>>>
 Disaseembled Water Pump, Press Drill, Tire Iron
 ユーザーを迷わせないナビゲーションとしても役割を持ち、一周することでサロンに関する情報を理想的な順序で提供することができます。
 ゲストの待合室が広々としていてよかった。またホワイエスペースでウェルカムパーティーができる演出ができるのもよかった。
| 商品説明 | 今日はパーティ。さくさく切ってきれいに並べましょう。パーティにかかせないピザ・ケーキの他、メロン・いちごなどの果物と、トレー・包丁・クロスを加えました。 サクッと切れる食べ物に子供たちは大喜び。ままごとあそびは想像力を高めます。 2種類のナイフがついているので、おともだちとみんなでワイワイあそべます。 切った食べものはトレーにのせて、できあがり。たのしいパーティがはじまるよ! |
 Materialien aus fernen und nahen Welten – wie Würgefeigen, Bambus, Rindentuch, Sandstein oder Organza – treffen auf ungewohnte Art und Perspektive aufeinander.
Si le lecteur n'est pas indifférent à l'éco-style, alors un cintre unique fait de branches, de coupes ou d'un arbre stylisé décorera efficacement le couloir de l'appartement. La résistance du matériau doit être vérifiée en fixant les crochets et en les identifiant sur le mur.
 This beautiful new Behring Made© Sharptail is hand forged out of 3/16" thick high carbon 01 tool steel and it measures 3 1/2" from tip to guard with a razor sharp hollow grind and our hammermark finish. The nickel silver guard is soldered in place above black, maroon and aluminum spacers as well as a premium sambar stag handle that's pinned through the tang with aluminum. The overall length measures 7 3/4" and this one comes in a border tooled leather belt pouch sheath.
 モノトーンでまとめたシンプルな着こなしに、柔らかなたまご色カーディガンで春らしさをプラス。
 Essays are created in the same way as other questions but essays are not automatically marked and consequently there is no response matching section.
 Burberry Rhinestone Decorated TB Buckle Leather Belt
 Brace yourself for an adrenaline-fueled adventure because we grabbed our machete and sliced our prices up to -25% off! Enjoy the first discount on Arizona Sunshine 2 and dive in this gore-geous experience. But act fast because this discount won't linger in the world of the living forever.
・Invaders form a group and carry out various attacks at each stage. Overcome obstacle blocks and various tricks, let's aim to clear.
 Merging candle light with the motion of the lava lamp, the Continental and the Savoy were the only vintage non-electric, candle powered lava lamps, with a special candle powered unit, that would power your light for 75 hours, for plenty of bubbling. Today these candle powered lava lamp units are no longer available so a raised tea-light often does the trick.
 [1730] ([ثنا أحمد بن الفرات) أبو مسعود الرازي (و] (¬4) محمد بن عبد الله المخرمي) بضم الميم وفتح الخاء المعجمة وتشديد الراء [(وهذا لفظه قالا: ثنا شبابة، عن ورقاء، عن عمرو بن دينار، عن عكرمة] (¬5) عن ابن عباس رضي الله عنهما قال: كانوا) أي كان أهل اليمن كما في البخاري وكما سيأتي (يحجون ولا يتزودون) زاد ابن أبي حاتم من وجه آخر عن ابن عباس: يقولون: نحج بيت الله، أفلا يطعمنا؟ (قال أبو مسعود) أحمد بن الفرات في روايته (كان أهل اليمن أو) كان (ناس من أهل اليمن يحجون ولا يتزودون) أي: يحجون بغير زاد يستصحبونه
<<<
### [Task]
Pull every line containing "that" from the entries above and copy it.

### [Response to the exercise]
 This beautiful new Behring Made© Sharptail is hand forged out of 3/16" thick high carbon 01 tool steel and it measures 3 1/2" from tip to guard with a razor sharp hollow grind and our hammermark finish. The nickel silver guard is soldered in place above black, maroon and aluminum spacers as well as a premium sambar stag handle that's pinned through the tang with aluminum. The overall length measures 7 3/4" and this one comes in a border tooled leather belt pouch sheath.
 Merging candle light with the motion of the lava lamp, the Continental and the Savoy were the only vintage non-electric, candle powered lava lamps, with a special candle powered unit, that would power your light for 75 hours, for plenty of bubbling. Today these candle powered lava lamp units are no longer available so a raised tea-light often does the trick.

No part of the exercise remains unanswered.